→ **Work instructions**: Line count for "that": say how many lines of the data contain it, with no other text.

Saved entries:
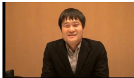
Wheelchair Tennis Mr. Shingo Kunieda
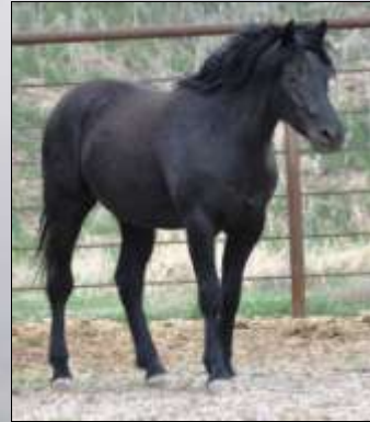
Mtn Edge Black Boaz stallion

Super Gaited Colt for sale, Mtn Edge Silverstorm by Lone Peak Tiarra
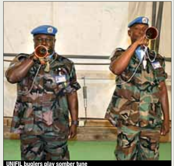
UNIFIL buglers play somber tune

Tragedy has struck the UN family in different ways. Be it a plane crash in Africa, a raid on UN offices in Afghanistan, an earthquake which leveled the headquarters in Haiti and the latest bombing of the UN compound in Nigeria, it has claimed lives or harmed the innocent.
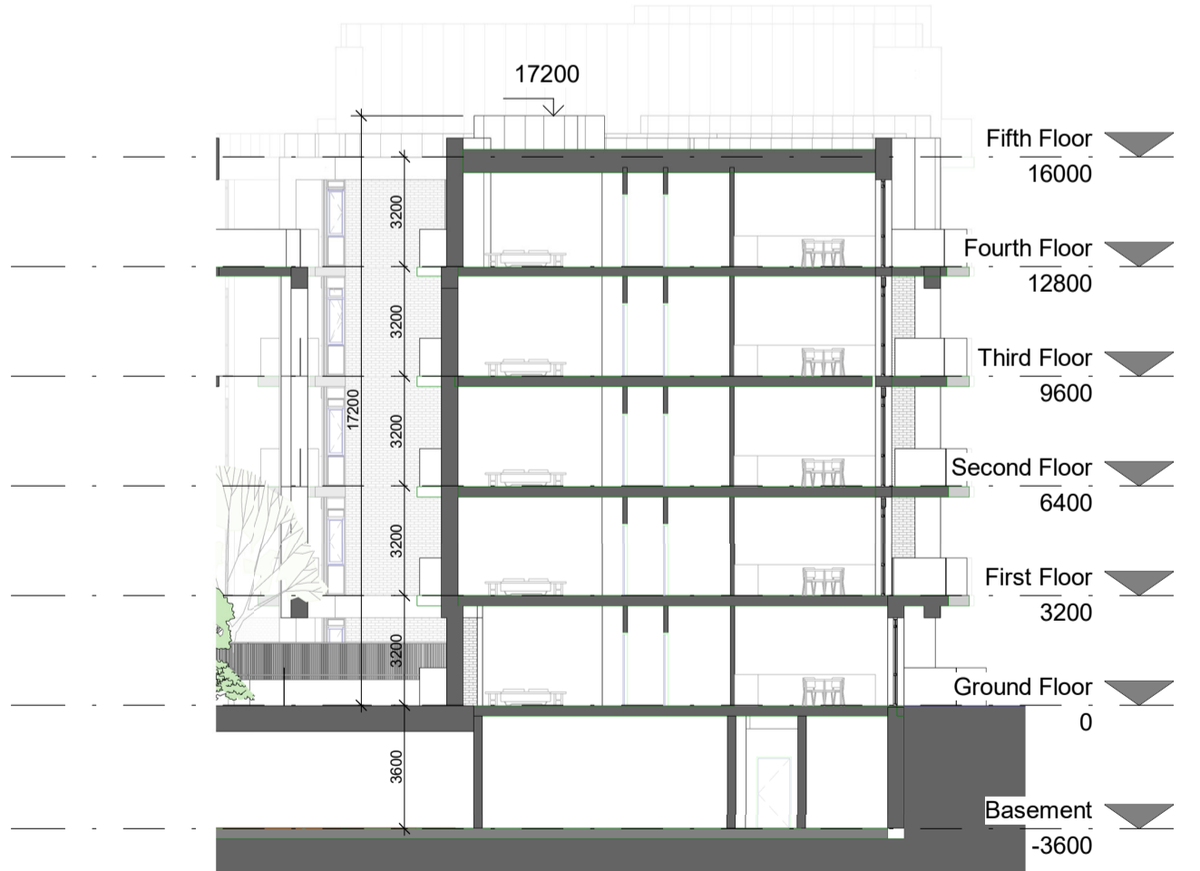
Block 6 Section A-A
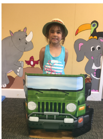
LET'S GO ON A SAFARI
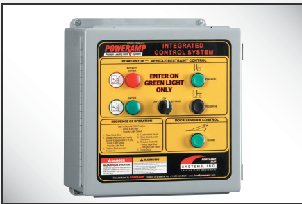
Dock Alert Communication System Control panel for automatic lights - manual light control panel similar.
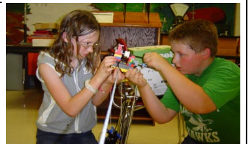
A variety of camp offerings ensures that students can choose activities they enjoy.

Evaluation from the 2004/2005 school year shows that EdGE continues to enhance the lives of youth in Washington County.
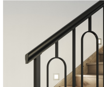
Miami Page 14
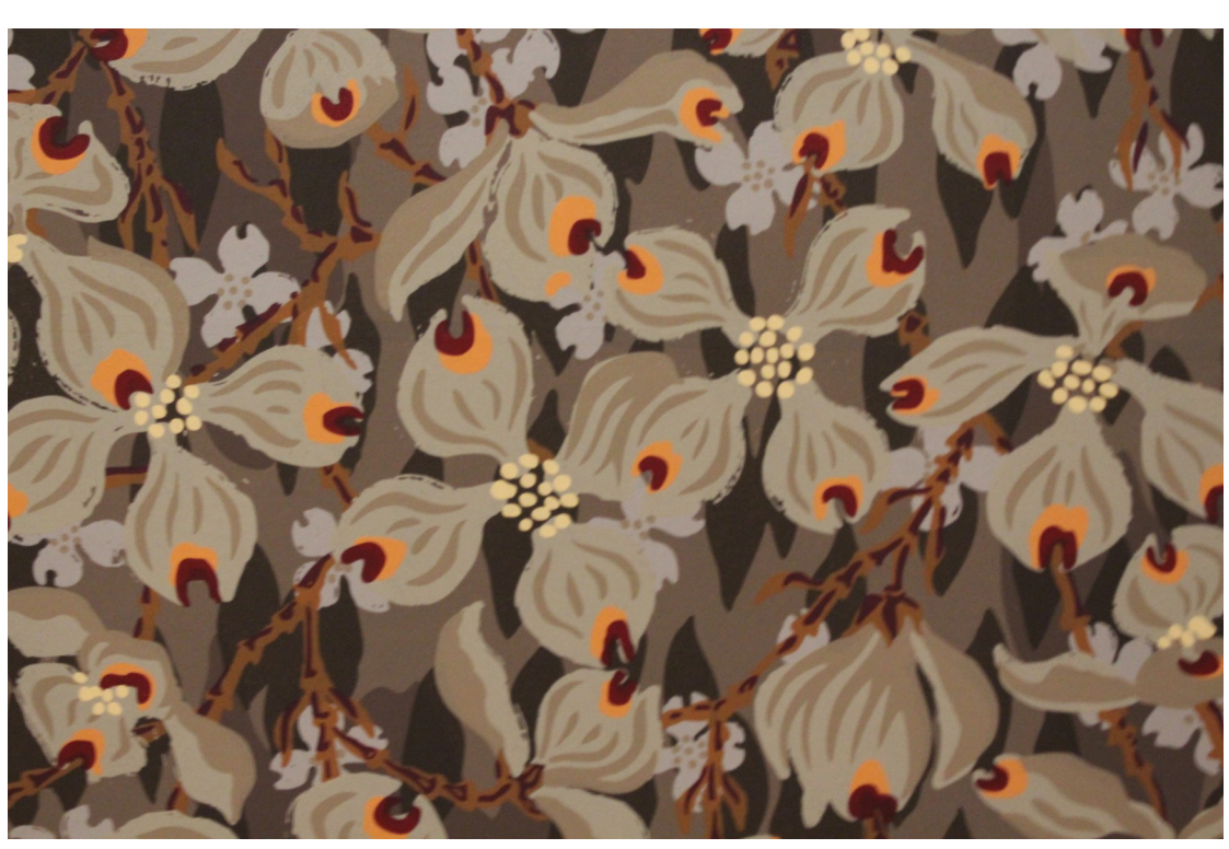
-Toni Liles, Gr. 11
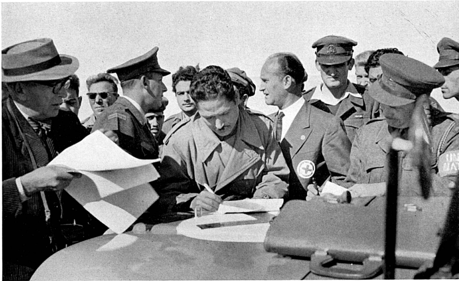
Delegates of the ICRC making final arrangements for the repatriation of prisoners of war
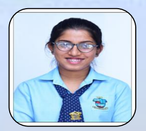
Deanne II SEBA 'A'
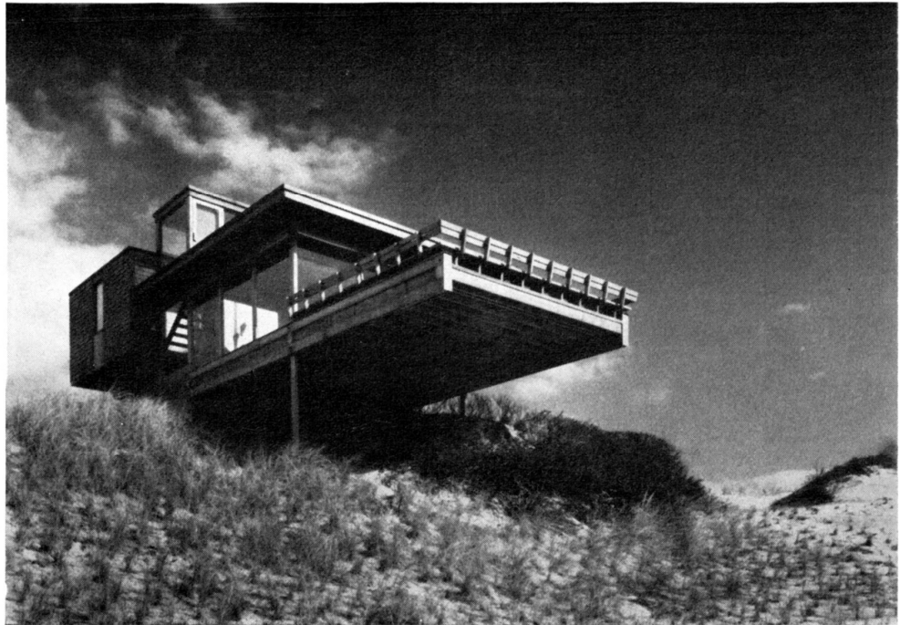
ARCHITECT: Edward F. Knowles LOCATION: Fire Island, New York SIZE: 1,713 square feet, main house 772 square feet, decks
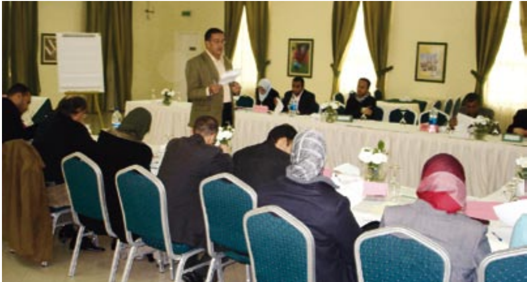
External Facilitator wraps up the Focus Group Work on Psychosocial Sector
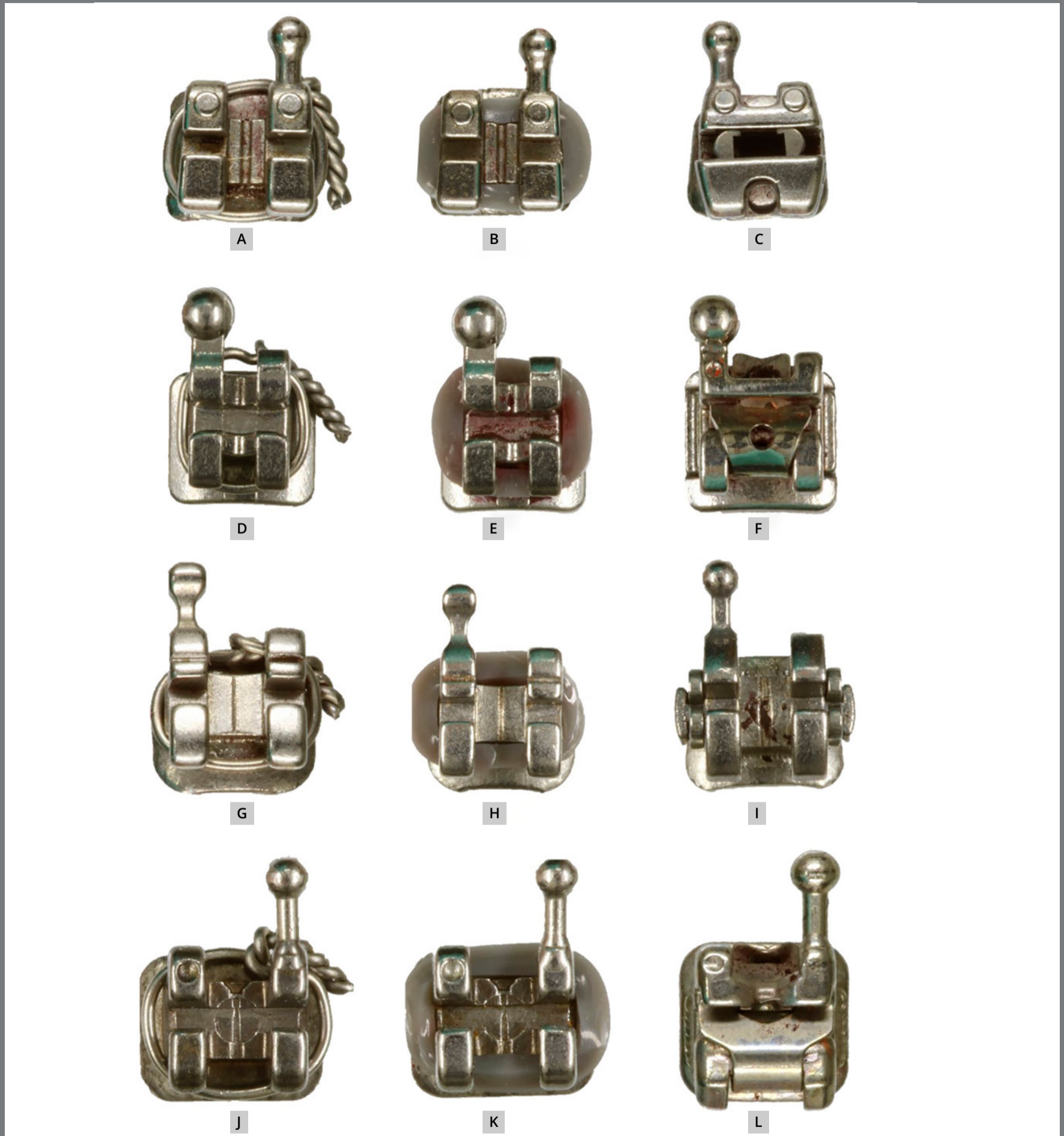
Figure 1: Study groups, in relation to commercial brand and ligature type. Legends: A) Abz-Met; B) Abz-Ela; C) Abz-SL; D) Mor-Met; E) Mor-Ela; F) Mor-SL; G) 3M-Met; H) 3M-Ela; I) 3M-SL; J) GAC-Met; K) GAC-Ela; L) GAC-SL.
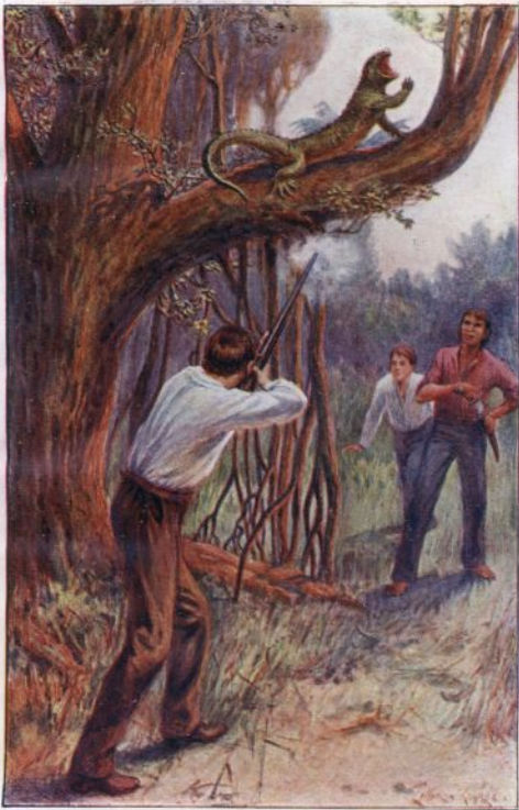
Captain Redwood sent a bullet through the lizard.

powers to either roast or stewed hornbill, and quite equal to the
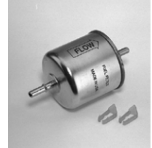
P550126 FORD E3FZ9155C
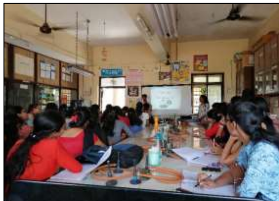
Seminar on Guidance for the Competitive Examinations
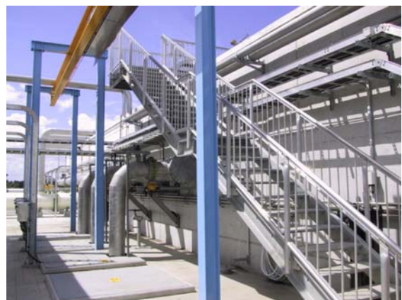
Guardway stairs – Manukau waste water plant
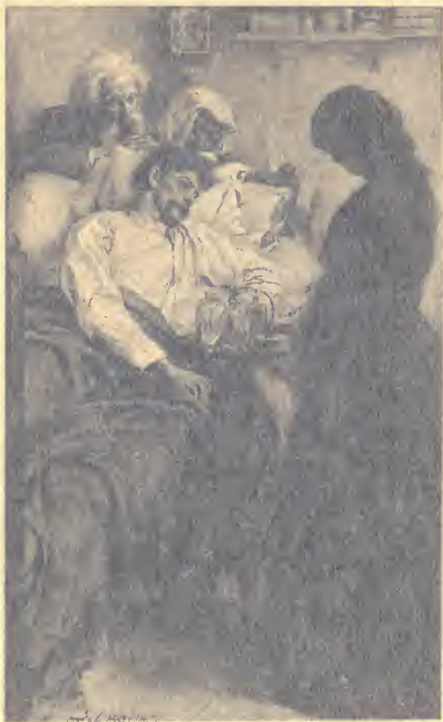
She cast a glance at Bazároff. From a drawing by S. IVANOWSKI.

→ **Result below**: 2